GAINESVILLE — Gainesville Mayor Bob Hamrick joined five local ministers in Roosevelt Square at lunchtime Tuesday to seek drought relief from one last governing authority — the Lord.
Clergy members read Scripture and asked the crowd of about 30 people to bow their heads and first ask for forgiveness from God, express gratitude for natural resources and then to ask Him for rain.
The prayer service was held in Gainesville at the same time as a prayer service called by Gov. Sonny Perdue at the state Capitol in Atlanta.
"The first thing we want to do today is to ask the Lord for forgiveness for the many occasions that we have not been taking care of ... God’s creation," said the Rev. Fabio Sotelo of St. Michael Catholic Church. "In many occasions we have not been responsible with our resources, so this is a time that probably the Lord put ... in our history to invite us to wake up and say, ‘What are we doing with the Earth?’
"We ask the Lord to forgive the many occasions we have failed, and we come together as one community of faith," Sotelo prayed. "We ask you, with humble hearts, to grant us rain."

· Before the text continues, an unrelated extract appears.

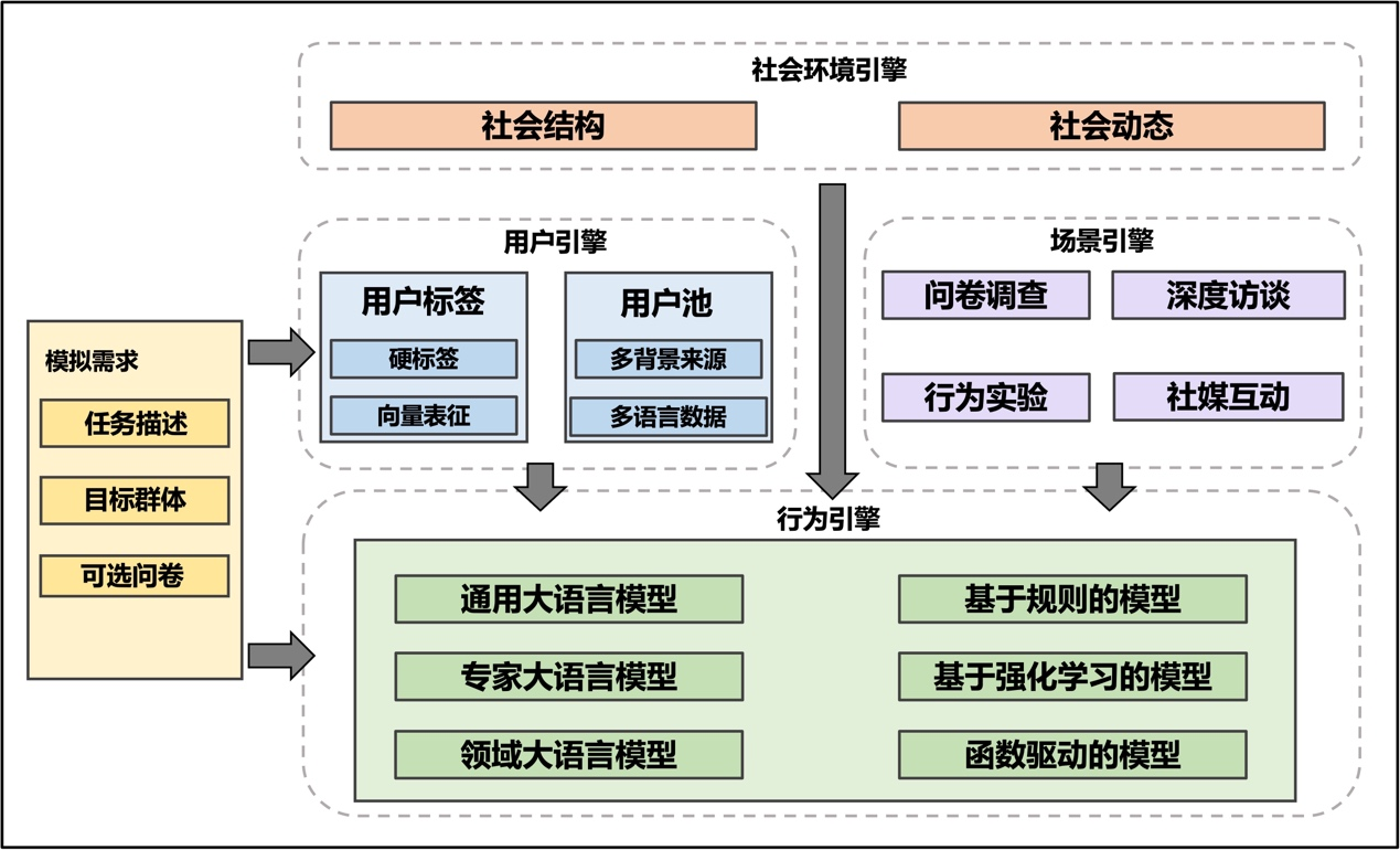 其中,社会环境引擎负责实时向模拟社会注入现实里的最新资讯(例如新规出台、油价调整等);用户引擎则提供真实世界人群画像,提供个体模拟的种子信息;场景引擎将现实社会互动抽象为标准化的模板,如问卷调查、深度访谈、社交媒体互动等;行为引擎是框架的大脑,负责综合信息,驱动智能体行动。
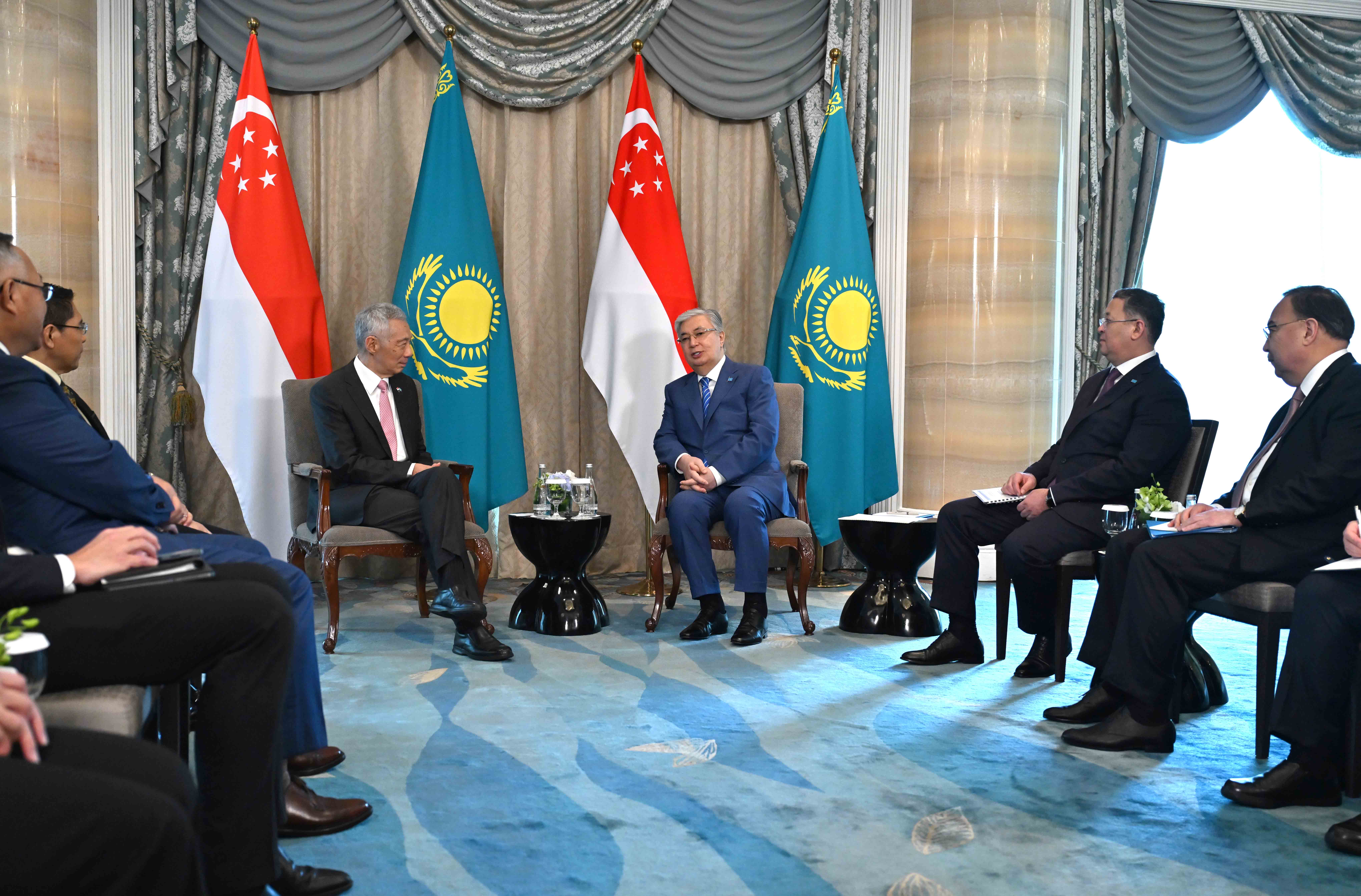 Сингапур Президент Қасым-Жомарт Тоқаев Қазақстанның Азиядағы уақыт сынынан өткен сенімді серіктесі Сингапурмен ынтымақтастықты жоғары бағалайтынын атап өтті. Оның айтуынша, жуырда ел басшылығының ауысқаны Сингапур үшін маңызды кезең болды. Қасым-Жомарт Тоқаев осы орайлы сәтті пайдалана отырып, Ли Сянь Лунды Сингапурдың аға министрі қызметіне кірісуімен құттықтады. Президент ел басшылығының үшінші буыны теңдікке, меритократияға, тиімді басқару мен әлеуметтік үйлесімділікке негізделген табысты әрі ұшқыр ойлы ұлт қалыптастыру секілді Ли Куан Ю мұрасының озық үлгісін сақтап, дамытып келе жатқанына назар аударды. Қасым-Жомарт Тоқаев Ли Сянь Лунның 20 жыл ішінде Қазақстан мен Сингапур арасындағы жан-жақты серіктестікке айтарлықтай үлес қосқанын әрі еліміздің шынайы досы екенін айтты. Өз кезегінде Ли Сянь Лун екі ел арасындағы өзара тиімді ынтымақтастықты нығайтудың маңыздылығын атап өтті. Оның айтуынша, Сингапур Қазақстанмен стратегиялық әріптестікті одан әрі жалғастыруға ниетті. Бұдан бөлек, кездесуде сауда-экономика, инвестиция, қаржы, көлік-логистика және гуманитарлық салалардағы ықпалдастық мәселелері талқыланды. Сондай-ақ халықаралық күн тәртібінің өзекті бағыттары жан-жақты қарастырылды.

Initiated by Perdue, the prayer services have motivated some protesters to speak out against the state’s sponsorship of a religious service. But there were no protesters at the service in Gainesville. In fact, some attendees called the service "wonderful," and said they are glad to see government officials acknowledge the role of a higher power in the state’s need for rain.
"It’s one thing that’s totally out of the power of our hands," said Dee Head, who attended the prayer ceremony. "(God) knows we need rain, but he wants us to acknowledge he is the giver of all things."
Rev. Dr. Terry Walton of Gainesville First United Methodist Church led the 30-minute long service and said that many people turn to God in difficult times when there seem to be no other alternatives.
"It’s times like these where God can get our attention like no other time," Walton said.
Rev. Dr. Marcus Dixon of St. Paul Church on Summit Street, said during the service that in addition to asking God for rain, he would like to give thanks to God for the peace in the United States and for the season of Thanksgiving.
"We know that you can let the rain come down in just a twinkling of the eye," Dixon prayed. "We have learned not to trust in the world’s riches, but to put our security in you."
Dixon recalled the Old Testament story of Moses asking God for water and then striking a rock and watching water pour out from the stone.
Dixon encouraged the small congregation to have faith that the rain will come and the drought will end.
Hamrick and the ministers collectively opened their umbrellas upon the ceremony’s conclusion.
"Lord, we give you thanks because we know that you’re going to do it. And so we have in confidence come before you today with our umbrellas in our hand, trusting and believing," Dixon prayed. "And so Father, let it rain, let it rain, let it rain, let it rain."